Timing made it so attending the Percée du Vin Jaune, scheduled each year for the first Saturday of February, was possible. Just to backtrack a little; the Percée is the annual festival that heralds in the ‘new’ vintage of Vin Jaune. Vin Jaune is the Jura’s most singular wine made of the Savagnin grape and left to age in 228L barrels under voile for a minimum of 6 years. The actual tradition of the accompanying festival eluded, and continues to elude me, but it involves barrels transported on the shoulders of monastic looking individuals, vinous blessings, drunkeness, and lots of cheese. And, of course, Vin Jaune. 

Visiting the Jura, technically a départment within the greater region of the Franche-Comté, feels like going back in time. I mean, sure, there are automatic sliding doors into the grocery store, but even those most minute moments of current technology were enough to wake me from my bucolic fantasy. I look back at my photos from that time, and it looks like I was using a generic sepia filter, but the light in Winter there, just does that. The feelings of tradition, and the weight of history felt omnipresent; in the color of the skies and the roads; in the cadence of daily life.

Well, I should say, right up until I actually made it to the Percée. Each year, the location of the festival changes location; each village along the Reveremont (the winemaking stretch within the Jura) shoulder the burden of hosting. In 2014, it was split between two villages Perrigny and Conliège. 

On the Thursday, a garage. On Saturday, a cellar door

If prompted to visualize a wine event or festival, most would see a large arena or park filled with stalls and vendors. Something relatively contained and structured. But the Percée balks at any such structure. Instead, the festival occupies the host town. Decorations made by a local committee of retirees line the streets, light poles, and peoples houses. The wineries, all at the time realeasing their 2007 Vin Jaunes, literally set up shop in the street level of peoples homes.

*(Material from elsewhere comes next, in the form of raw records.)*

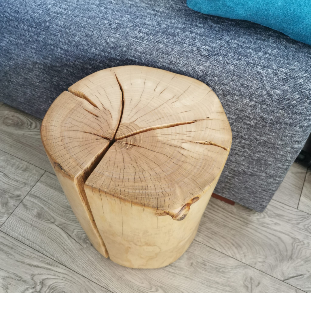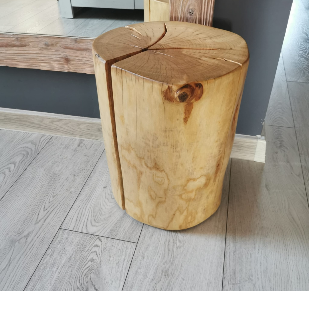 Każdy stolik powstaje ręcznie i zachowuje naturalne cechy drewna, takie jak nieregularności czy drobne pęknięcia, które podkreślają jego autentyczny charakter.
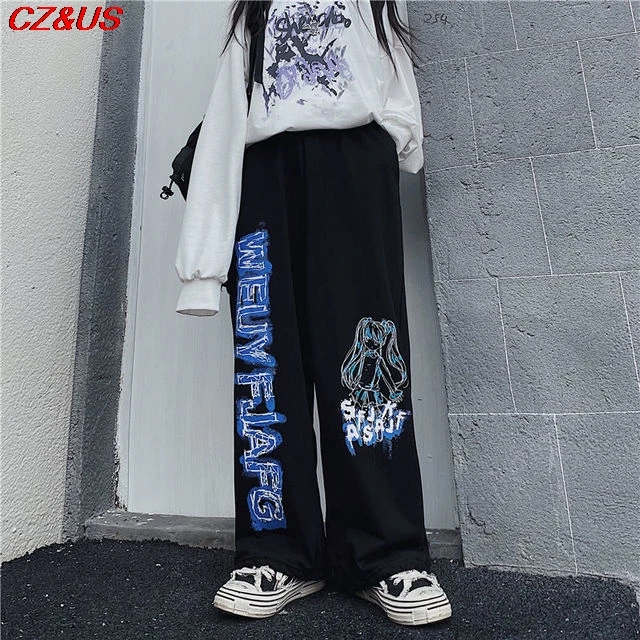 Женские брюки оверсайз Y2k, аниме свободные прямые поставки, корейс...
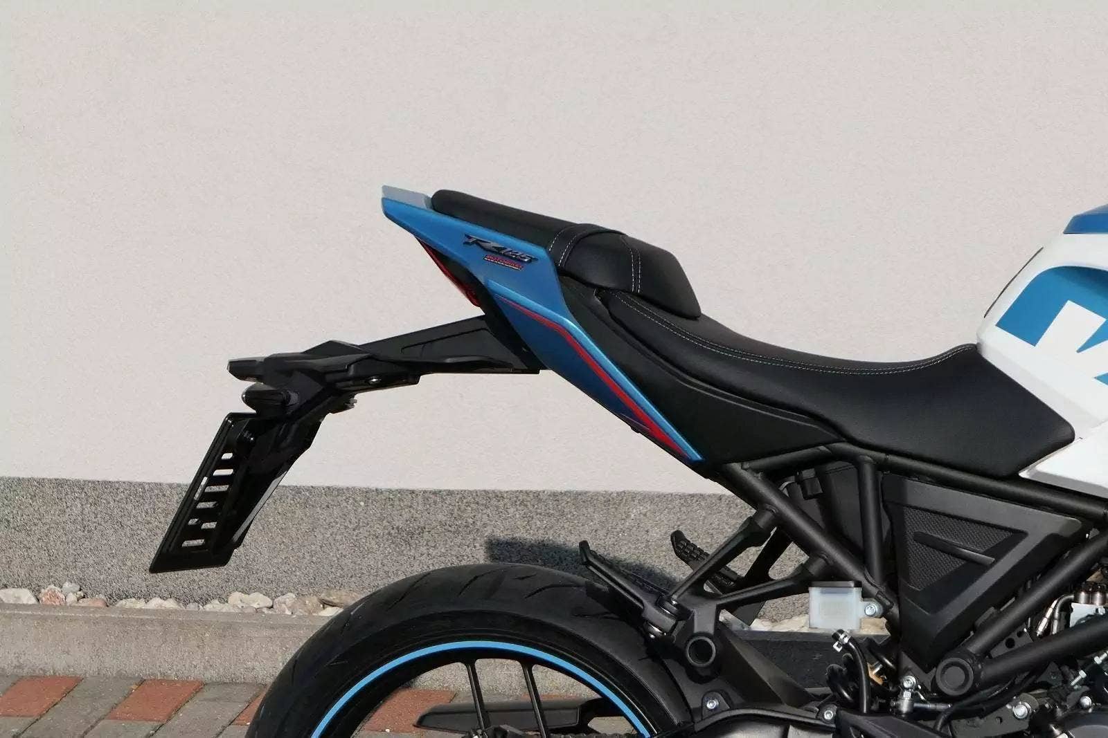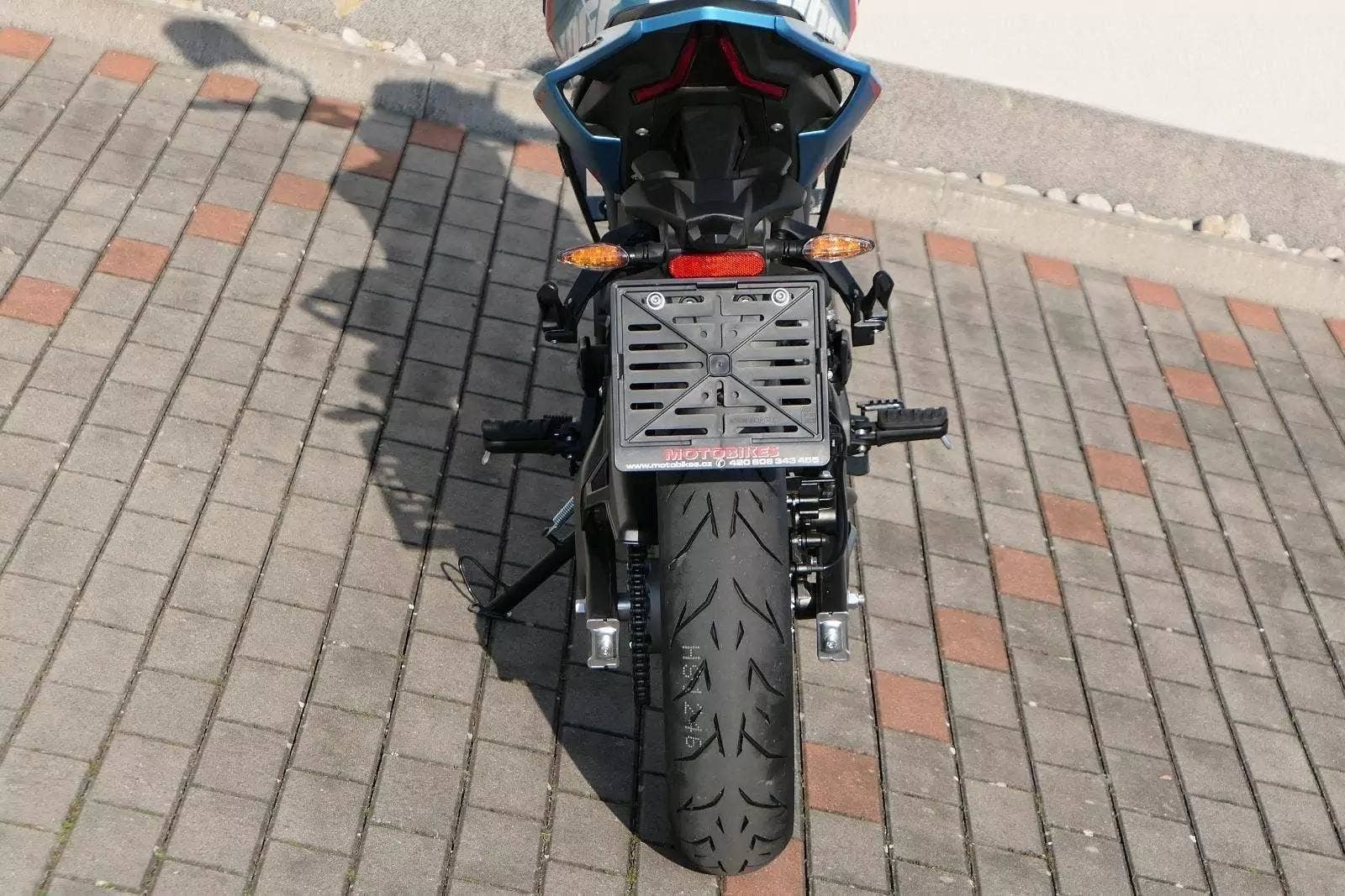 Podvozek je naladěn sportovně, ale přívětivě. Přední upside-down vidlice Ø 35 mm a zadní centrální tlumič zajišťují jistotu v zatáčkách i komfort při běžné jízdě. O bezpečné brzdění se starají kotoučové brzdy vpředu i vzadu doplněné o ABS, které je v základní výbavě. Díky provozní hmotnosti 136 kg je motocykl velmi snadno ovladatelný i pro méně zkušené jezdce.

Comté stalls speckled every street you turned town. A mobile distillery making marc had to employ what looked like a pre-teen to swat away those looking for something with a higher alcohol content. And there was bad horn playing drifting from every direction. 

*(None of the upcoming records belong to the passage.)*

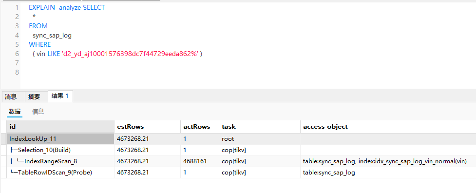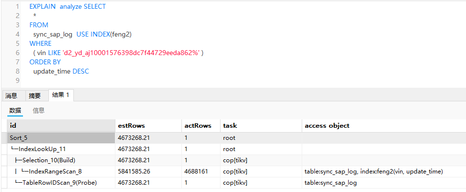 根据描述,可以确认的是TiDB的执优化器对于这个SQL的执行计划的理解,和我们预期的不一致。
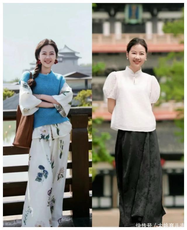 ?????? 建议大家还可以多尝试一下套装裙,比如印花图案的套装裙,叠穿纯色针织马甲,时尚又典雅。或者是白色衬衫和印花半裙的搭配,也能轻松拿捏好气质。
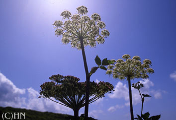 エゾノヨロイグサ(蝦夷鎧草) セリ科・6〜7月 高さは1〜2mにもなる。 エゾニュウやエゾシシウドと良く似ているが、エゾニュウより茎がやや細く紫色を帯び、エゾシシウドより葉にしわがないことで区別できる。 その根は鎮痛、鎮痛作用があり、漢方などに用いられる。 |
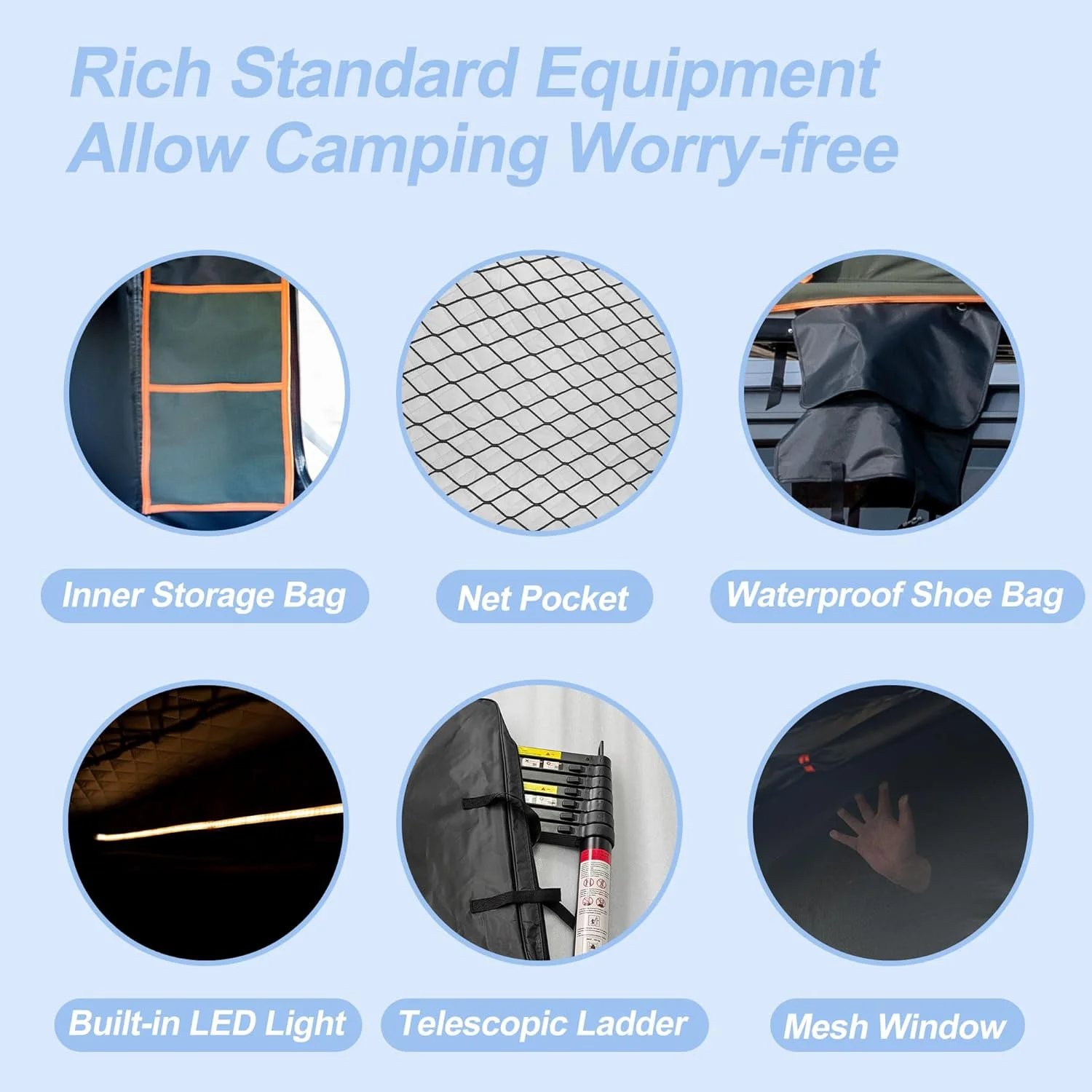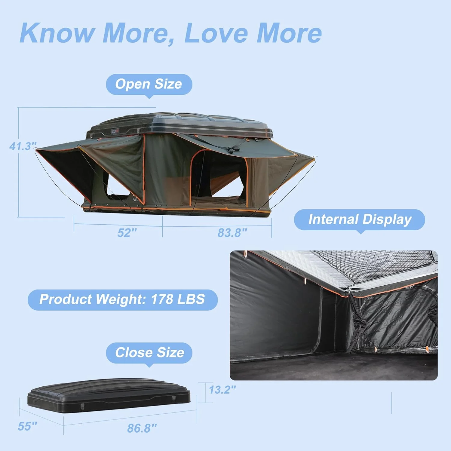 The tent is equipped with air conditioning and heater interfaces, allowing for year-round use with outdoor cooling or heating solutions.Constructed with a robust ABS shell that has undergone1000 hours of rigorous testing, this tent boasts significant resistance to corrosion, pressure, heat, and water, while also providing excellent sun protection. Its aerodynamic design reduces wind noise and resistance, enhancing your camping experience.The top luggage rod is versatile, supporting solar panels or toolboxes with a load capacity of up to100 pounds, making it perfect for all your camping gear.

This is all before finding myself in a muddy field watching men in capes and scepters blessing a barrel carried on the shoulders of his peers. A blessing that concluded in the ceremonial tapping into a barrel of 2007 Vin Jaune that would proclaim the vintage now available for market. 

In short: the whole event was heart-warming and blurry and so incredibly uncool. There was nowhere that felt off limits to only a select few ‘in the know’. It was wine, simply for the love of it. And this crazy wine, Vin Jaune, this thing I had started to learn to see as belonging to wine insiders, was flowing through the streets, wafting from doorways and from breathless conversations of old and young alike. 

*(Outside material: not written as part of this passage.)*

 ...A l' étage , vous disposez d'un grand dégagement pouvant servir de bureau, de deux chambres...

After considering the Jura as a region whose every secret I had to absorb in order to justify my place in the natural wine hierarchy, I got to see the wines for what they are. The wines of the Jura, since that first taste in the Savoie, have been a pillar for me. But in my want to dissect them, and often over extrapolate them, I missed so much. The wines I loved were not cool in a modern sense; not glossy, technical, nor actually iconoclastic. They were wines that kowtowed to tradition - unflinchingly linked to the generations prior. A somberness that mimics the color of the Jura Winter skies, coupled with energy that evokes the light-heartedness in which people in the region treat the wines - mirthful and joyous. 

Drinking wines from the Jura is seemingly getting harder and harder. The minuscule region can hardly keep up with demands - all too apparent in dwindling allocations and rising prices. To heIp assuage some of my personal frustration, I just have to remind myself that there is the Percée du Vin Jaune. That in the face of increased demand and Instagram posts, there is still a place that can simply celebrate the wines of their region and their enduring links to the past in such a gleeful and unpretentious environment. A place that could solely be responsible for an apron adorned with patient, broad necked cows running the length of the hem.